Перевела на меня взгляд и язвительно поинтересовалась:
– Не передумала завтра со мной ужинать, подруга?
– Нет, конечно. С чего бы? – я спокойно взглянула ей в глаза. – Встречаемся, как договаривались.
Маша поджала губы, но кивнула. Цокая каблуками, девушки исчезли где-то в глубине зала, оставив после себя ощущение пустоты и неловкости.
Первым молчание нарушил Платон:
– Твоя сестра всегда такая?
– Какая?
– Будто ей весь мир должен, – Платон смотрел на меня тяжелым взглядом. Было видно, что он зол: челюсти напряглись, губы плотно сжаты. – Почему ты позволяешь так с собой обращаться, Павла?
– Как именно? – я с вызовом взглянула в его взбешенные глаза.
– Твоя сестра только что прилюдно оскорбила тебя, а ты смолчала. Вот как.
– Мне надо было начать обзываться в ответ? – огрызнулась я.
– Нет, конечно, ты не опустишься до такого, – вздохнул он. – Но и позволять вытирать об себя ноги нельзя.
Мы замолчали. В сгустившемся вокруг нас пространстве явственно потрескивало взаимное недовольство. Сквозь его плотную завесу с трудом пробирался окружающий ресторанный шум – звяканье посуды, негромкие разговоры и ненавязчивая музыка, льющаяся откуда-то сверху.
Отвернувшись от мужчины напротив, я с тоской думала, что, по-видимому, не слишком вписываюсь в его представления о правильном поведении.
Конечно, в чем-то он был прав – я никогда не умела пускать в ход когти, защищая себя. Особенно когда речь шла о моей семье – маме и сестре.

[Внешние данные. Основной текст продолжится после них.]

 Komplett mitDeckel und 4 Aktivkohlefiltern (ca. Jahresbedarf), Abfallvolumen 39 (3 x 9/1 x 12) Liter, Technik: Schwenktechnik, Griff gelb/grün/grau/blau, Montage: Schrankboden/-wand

Они всегда выступали против меня дружным фронтом – мама и Диана. Объединялись и наступали. Выталкивали меня с моих позиций и не давали вернуться, охраняя завоеванное с агрессией, достойной лучшего применения.

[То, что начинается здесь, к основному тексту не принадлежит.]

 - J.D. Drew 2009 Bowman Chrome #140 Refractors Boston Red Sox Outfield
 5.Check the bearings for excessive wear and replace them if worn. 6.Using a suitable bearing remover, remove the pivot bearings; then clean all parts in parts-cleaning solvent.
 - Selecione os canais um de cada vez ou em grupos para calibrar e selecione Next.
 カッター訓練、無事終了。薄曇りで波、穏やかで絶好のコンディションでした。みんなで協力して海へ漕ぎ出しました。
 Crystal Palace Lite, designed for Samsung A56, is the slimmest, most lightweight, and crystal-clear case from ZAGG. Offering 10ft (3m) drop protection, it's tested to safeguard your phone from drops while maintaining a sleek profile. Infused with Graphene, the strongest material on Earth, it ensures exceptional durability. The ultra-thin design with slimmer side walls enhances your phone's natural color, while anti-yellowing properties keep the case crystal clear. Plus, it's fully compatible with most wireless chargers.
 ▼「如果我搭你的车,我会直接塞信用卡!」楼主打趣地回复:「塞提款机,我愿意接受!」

Поэтому я и сбежала от них в свое время, устав бороться. Под предлогом, что так мне ближе ездить в училище, поселилась у бабушки, сведя общение с мамой и Дианой к минимуму.

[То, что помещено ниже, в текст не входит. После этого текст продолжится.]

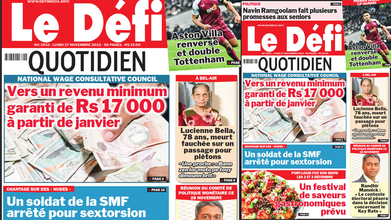 ? Voici la Une du Défi Quotidien. Le journal est en vente à Rs 15 l'exemplaire aux endroits habituels (supermarchés, boutiques, tabagies, superettes). Bonne lecture !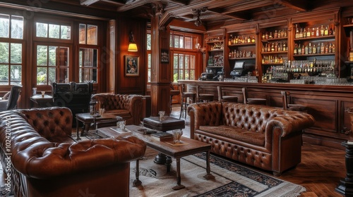 Obraz premium Vintage bar with rich wooden interiors and classic Chesterfield sofas,...

Я вздохнула и повернулась к Платону:
– Ты прав. Я не умею защищаться так, чтобы моя сестра оставила меня в покое. Мое «нет» она не слышит. Для нее, в принципе, не существует такого слова, – я усмехнулась.
– Драться с ней бесперспективное дело, она сильнее меня физически. Да и не буду я так опускаться. Я могу, конечно, попробовать поставить ее на место, сказав что-то язвительное или ехидное – это я умею. Только Диана не понимает таких вещей. Чтобы до нее хоть что-то дошло, мне нужно, как минимум, обложить ее трехэтажным матом.
– А ты не хочешь? – глаза Платона вдруг изменились. Царившая в них мрачность исчезла, сменившись насмешливостью. – Или не умеешь?
– Умею, – буркнула я, – но не хочу унижать себя. Мне проще отойти в сторону, чтобы не попасть под ее плевки, чем пытаться заткнуть ей рот.
– Отвези меня домой, я устала и хочу переночевать у себя, – попросила я, когда мы вышли из ресторана и подошли к машине. И правда, от всех событий сегодняшнего дня, тело сделалось ватным, а в душе царила сумятица и странная опустошенность.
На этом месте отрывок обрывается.